Now if this represents Plato’s belief, how did he have the audacity to expel the poets from his city, and thus to deprive of their theatrical pleasures, if not the gods (for he withdrew them from any contact with mankind), at any rate the demons? Perhaps it was because he intended to advise the spirit of man (situated though it is in a bodily frame which is destined for death) to treat with contempt the corrupt commands of the demons and to abhor their obscenities in order to preserve an unsullied integrity. For it was in a spirit of the highest integrity that Plato condemned and prohibited these diversions; it follows that it was utterly infamous in the demons to demand and prescribe them.

 

Then either Apuleius is mistaken and the supernatural companion of Socrates did not come from this category of spiritual powers; or Plato is inconsistent in showing honour to demons at one moment, and at another banishing their enjoyments from a well-conducted city; or else Socrates is not to be felicitated on his friendship with a demon. Apuleius himself felt some embarrassment about the point. In fact he was prepared to give his book the title,
The God of Socrates
, whereas in line with his own discussion, in which he makes a carefully and copiously argued distinction between gods and demons, he ought to have called it
The Demon of Socrates
. However, he has preferred to make this point in the actual discussion rather than in its title. The fact is that as a result of the healthy doctrine which has shone upon the world of men, mankind in general has conceived a horror of the very name of demon, so that anyone reading the title,
The Demon of Socrates
, before studying the discussion in which Apuleius seeks to establish the excellence of demons, would conclude that Socrates was by no means a normal human being.

 

But what is it that Apuleius himself has found to praise in demons, apart from the subtlety and stability of their bodies and the elevation of their abode? As for their morality, in the general remarks he makes about demons as a whole, he has nothing good to say of them but a great deal of ill. In fact, when one has read the book, one can no longer be astonished that these demons wished the obscenities of the stage to have a place among divine ceremonies, and that while eager to be accounted gods, they could find pleasure in the scandals of the deities, and that everything in the sacred rites which arouses laughter or disgust by reason of its celebration of obscenity or its degraded barbarity is very much to their taste.

 

15.
Neither the airy composition of their bodies nor the elevation of their abodes confers on the demons any superiority over mankind

 

In view of all this, heaven forbid that any truly religious spirit, a subject of the true God, should imagine that the demons are superior to itself simply because they enjoy a superiority in respect of their bodies.
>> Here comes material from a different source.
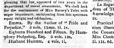 The New Monthly Magazine, issue for February 1, 1816 (volume V, issue No. 25), page 66 – two lines about Jane Austen's Emma

In that case many animals would be superior to human beings since they surpass us in the keenness of their senses, in facility and speed of movement, in muscular strength, and in vigorous longevity. Can any man equal the long sight of an eagle or a vulture? Or match a dog in sense of smell? Or rival the speed of a hare, a stag, or any of the birds? Or the strength of a lion or an elephant? Or the longevity of a serpent, who, they say, puts off old age when he puts off his skin, and thus has his youth restored? But just as we are superior to the beasts by reason of our powers of reason and intelligence, so our superiority to the demons should appear in a life of goodness and integrity. If divine providence has bestowed certain physical advantages on beings which are unquestionably our inferiors, the purpose of this is to encourage us to be more careful to cultivate the faculties in which we surpass the beasts than to develop the body, and to teach us to take no account of the physical superiority which, as we realize, the demons enjoy, in comparison with moral goodness, which gives us pre-eminence over the demons. For we also are destined for bodily immortality – not the immortality which is to endure the torment of eternal punishment, but the immortality for which purity of heart is the preparation.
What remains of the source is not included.